Ideas for a Good, Friendly Scout Elf
I often hear people talk about their elf on the shelf as an elf that gets up to a load of mischief. Now that our elf, the beautifully named Chickazeet has been with us for a couple of years, it’s exhausting as a parent to come up with and then create 24 crazy mischievous ideas. According to elf legend (in The Elf on the Shelf story), the elf’s “job” is only to keep an eye on your child’s naughty and niceness. This is later reported back to Santa each night. Let’s look at what to do when you give your scout elf a friendly personality who loves to play. Because that’s what children (and elves) do best.
Here are some good, friendly and very do-able elf ideas for younger children – 2-5 year olds. I refer to the elf as “He” as we have a boy elf. Elves can also be girls.
He can hide
As with all good hide and seek games for young children, think about a variety of hiding spots that children love, find simple enough, yet still be challenging:
- Hide up high. Still make the high places visible for children. We learned that hiding the elf on the ceiling fan is not a great idea. For Australian stinkin’ hot summer days, all we wanted to do was turn on the fan. We stayed hot in the interest of keeping our elf in one piece!
- Hide down low. But inaccessible to pets as you don’t want your little elf to be loved too much by your four legged friend. Create little hiding nooks and crannies. Under a basket is great, as children can still see the elf. There’s the added intrigue of not knowing how he got under there.
- Places children are familiar with and see daily. Pot plants are wonderful hiding places!

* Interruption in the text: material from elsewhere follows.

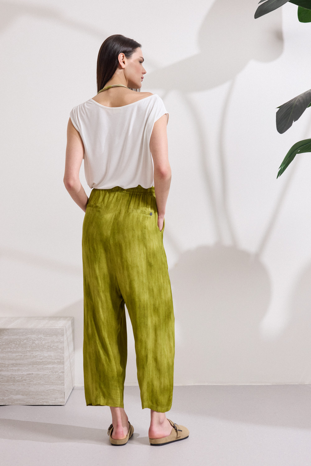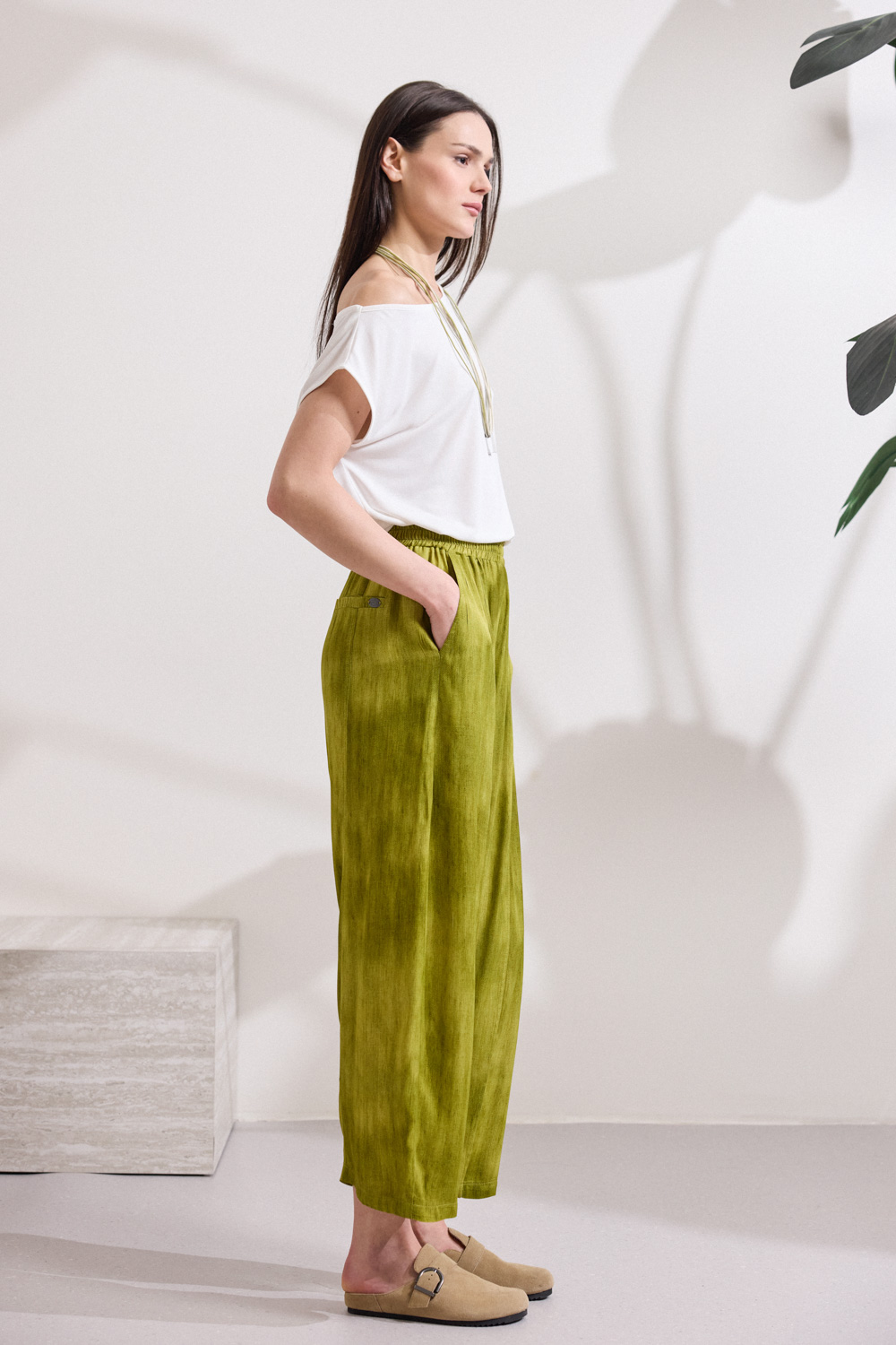 Παντελόνι με χαμηλό καβάλο από 100% viscose με σατινέ υφή, που προσφέρει απαλή αίσθηση και διακριτική λάμψη.

He enjoys the same things as your children
When your elfie returns in the “morning”, your little ones will love to see their elf doing the same thing as what your children enjoy doing or playing. We read a book or two every night before sleep. It’s always been one of our routines. My boys were so excited to find our elf reading one of their favourite books. Having your family elf “share” your children’s enjoyments adds that special touch and familiarity to making your elf special.
He can write & draw
Elf on the shelf magic means that elves don’t talk. He can write though! Writing a little message is a visible way to show your children what your elf would like to say. I use the good ol’ “other hand for writing” trick for my elf notes. This way, the elf writing looks uniquely different to my normal writing and no-one will tell it’s me. Shhh!
Elves can write all sorts of notes – messages of love, a countdown of sleeps to Christmas, or an affirmation of ways your child showed niceness. Why not ask your children to write a letter to Santa? This is a fabulous way to boost meaningful and genuine literacy learning. Your family elf can deliver the letter personally to “Santa”, which then becomes a lovely keepsake.
He can take photos
The Elfie Selfie! Make sure the camera is close by for those all-important shots! Taking photos of your children sleeping, or of you going about your night time stuff shows that the elf really does have his eyes on them!
These four friendly, good elf on the shelf ideas can easily be repeated over the Christmas elf season. Mix it up and if you want to add a bit of cheekiness, give that a go too. The best elf is the one that suits your children’s personality, developmental ages and your own family routines. Where is your elf on the shelf hiding?